• Task input:
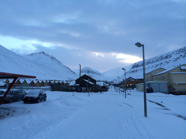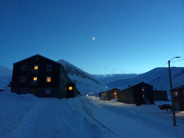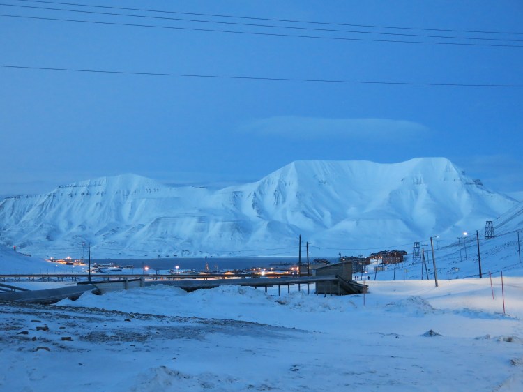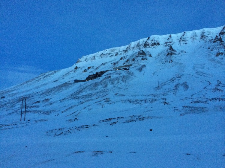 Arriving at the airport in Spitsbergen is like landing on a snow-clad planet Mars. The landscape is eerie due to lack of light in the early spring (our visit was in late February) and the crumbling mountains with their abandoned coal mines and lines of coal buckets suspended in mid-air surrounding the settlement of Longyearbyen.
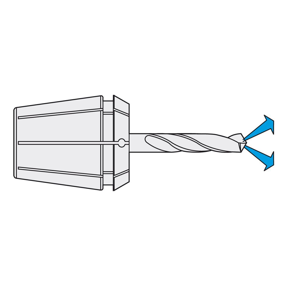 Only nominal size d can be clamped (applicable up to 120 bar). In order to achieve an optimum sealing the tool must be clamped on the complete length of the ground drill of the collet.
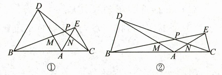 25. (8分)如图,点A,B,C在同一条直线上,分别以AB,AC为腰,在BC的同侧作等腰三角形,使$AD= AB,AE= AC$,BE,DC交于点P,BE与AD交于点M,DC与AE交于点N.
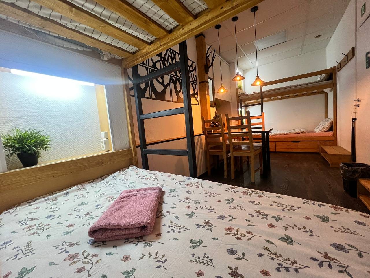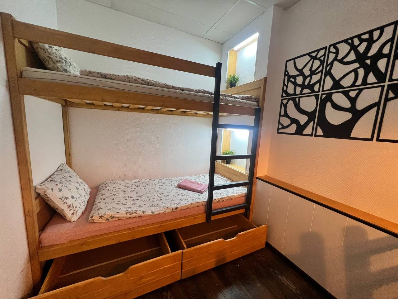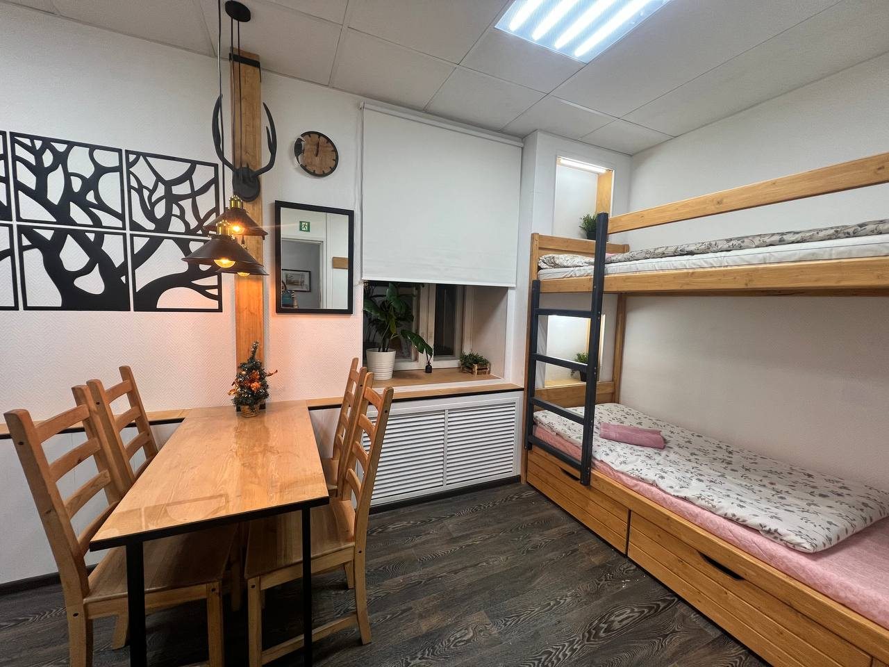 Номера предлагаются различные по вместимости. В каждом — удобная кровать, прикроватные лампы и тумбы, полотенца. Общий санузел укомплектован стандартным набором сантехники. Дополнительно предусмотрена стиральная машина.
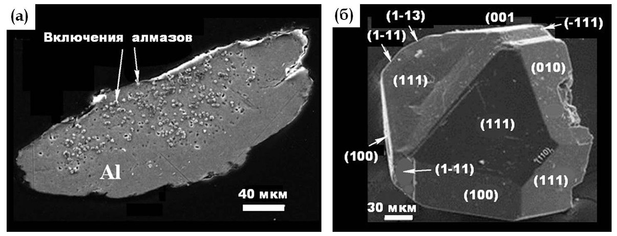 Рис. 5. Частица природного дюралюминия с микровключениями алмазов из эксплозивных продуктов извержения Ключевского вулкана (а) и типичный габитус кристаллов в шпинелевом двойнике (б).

* * *

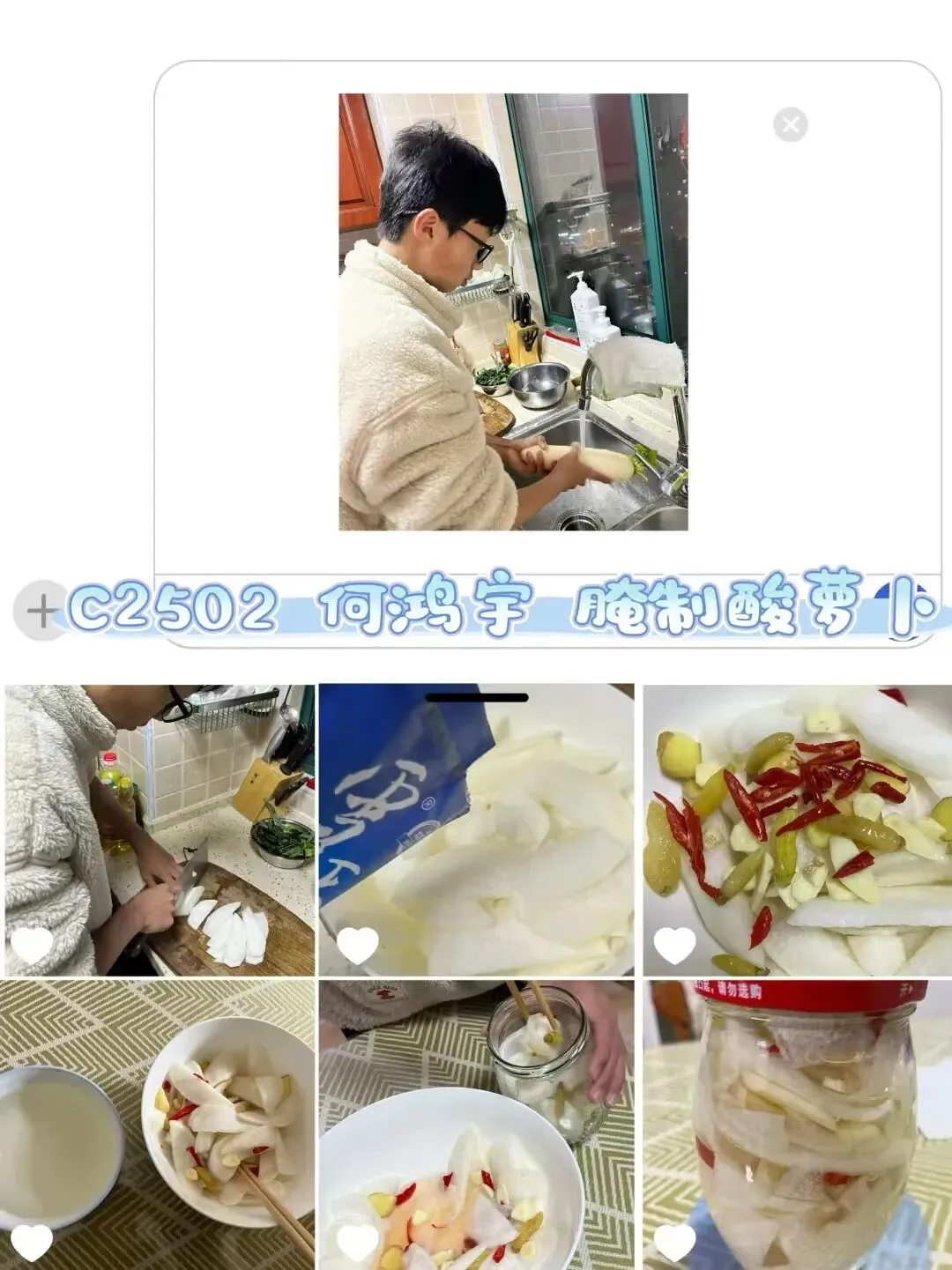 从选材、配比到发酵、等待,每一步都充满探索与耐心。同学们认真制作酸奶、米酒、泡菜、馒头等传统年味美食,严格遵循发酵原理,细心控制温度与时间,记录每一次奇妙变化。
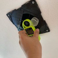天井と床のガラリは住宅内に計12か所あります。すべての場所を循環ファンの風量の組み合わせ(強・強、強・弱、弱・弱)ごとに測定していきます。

• Task prompt: Give again the stretch of the entries above that begins at the line with "Arriving at the" and ends at the line with "Рис. 5. Частица", word for word, with no pictures.

• Response for this exercise:
 Arriving at the airport in Spitsbergen is like landing on a snow-clad planet Mars. The landscape is eerie due to lack of light in the early spring (our visit was in late February) and the crumbling mountains with their abandoned coal mines and lines of coal buckets suspended in mid-air surrounding the settlement of Longyearbyen.
 Only nominal size d can be clamped (applicable up to 120 bar). In order to achieve an optimum sealing the tool must be clamped on the complete length of the ground drill of the collet.
 25. (8分)如图,点A,B,C在同一条直线上,分别以AB,AC为腰,在BC的同侧作等腰三角形,使$AD= AB,AE= AC$,BE,DC交于点P,BE与AD交于点M,DC与AE交于点N.
 Номера предлагаются различные по вместимости. В каждом — удобная кровать, прикроватные лампы и тумбы, полотенца. Общий санузел укомплектован стандартным набором сантехники. Дополнительно предусмотрена стиральная машина.
 Рис. 5. Частица природного дюралюминия с микровключениями алмазов из эксплозивных продуктов извержения Ключевского вулкана (а) и типичный габитус кристаллов в шпинелевом двойнике (б).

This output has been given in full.